Hello PA Mom. It may be difficult for you to get the advice you need here from BS who are in reconciliation. The wayward side will probably benefit you a great deal. That doesn’t mean you are in isolation there or alone. The General thread is also a great place for everyone to find support.

You are a newcomer to our forums it appears and I first say that you are brave to take this step and come for support. Not too many WS will do that, I know mine would not. I hope you stick around and read some threads, visit the healing library.

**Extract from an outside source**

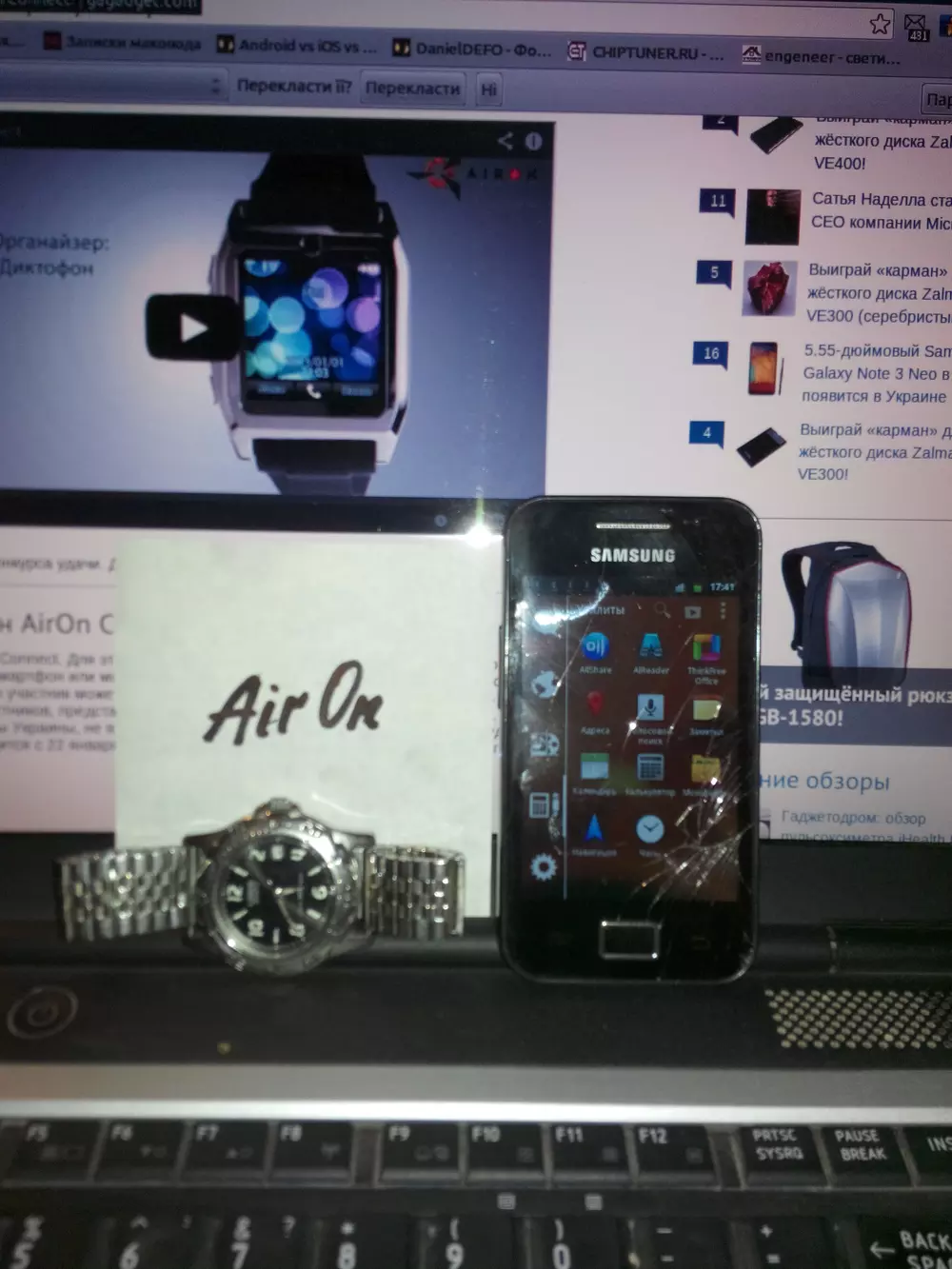 Вы можете выиграть часофон AirOn Connect. Для этого отправьте на конкурс фотографию, на которой должны быть изображены два предмета: часы и смартфон или мобильный телефон. В кадре обязательно должна присутствовать надпись «AirOn», выполненная от руки. Один участник может загрузить не более одной фотографии. Победитель будет выбран случайным образом среди всех участников, представивших соответствующие условиям конкурса работы. В конкурсе могут принимать участие только резиденты Украины, не являющиеся сотрудниками или родственниками сотрудников медиа-холдинга «Магнет». Конкурс проводится с 22 января по 5 февраля 2014 года включительно, итоги будут подведены не позднее 7 февраля.

I downloaded McDonald’s book to our computer for my husband to read, which he did. As a BS I also read it because I thought it could give me some insight toward his behavior and whether I could find remorse in it. I was desperate to know for sure that it was real and he was dedicated to recovery. Your husband seems like he is in angry stage and that’s normal. The very best thing you can do is answer questions without resentment or sarcasm, even if he had asked you the same ones before. Be patient and let him express his feelings as long as they are in a healthy and non- threatening way. Show in your actions you are consistent and that he is still special to you. Words do not mean much in this stage. Actions define your commitment to him and working things out. Offer to pay for and take a polygraph test. What we he needs is what you should be doing.

I know it’s tough. Your dday appears to be very recent. Please find a therapist you like to help you get to why you have cheated because deep down you know it isn’t his fault.

He’s responsible for 50% of the marriage breakdown before your affair. The decision to cheat was 100% yours. You do come off as defensive, but I think you know this is on you. You say as much.

Explore the site when you have a good chunk of time to sit down and absorb. We all have different experiences here but most of us still posting regularly are just wanting to help others.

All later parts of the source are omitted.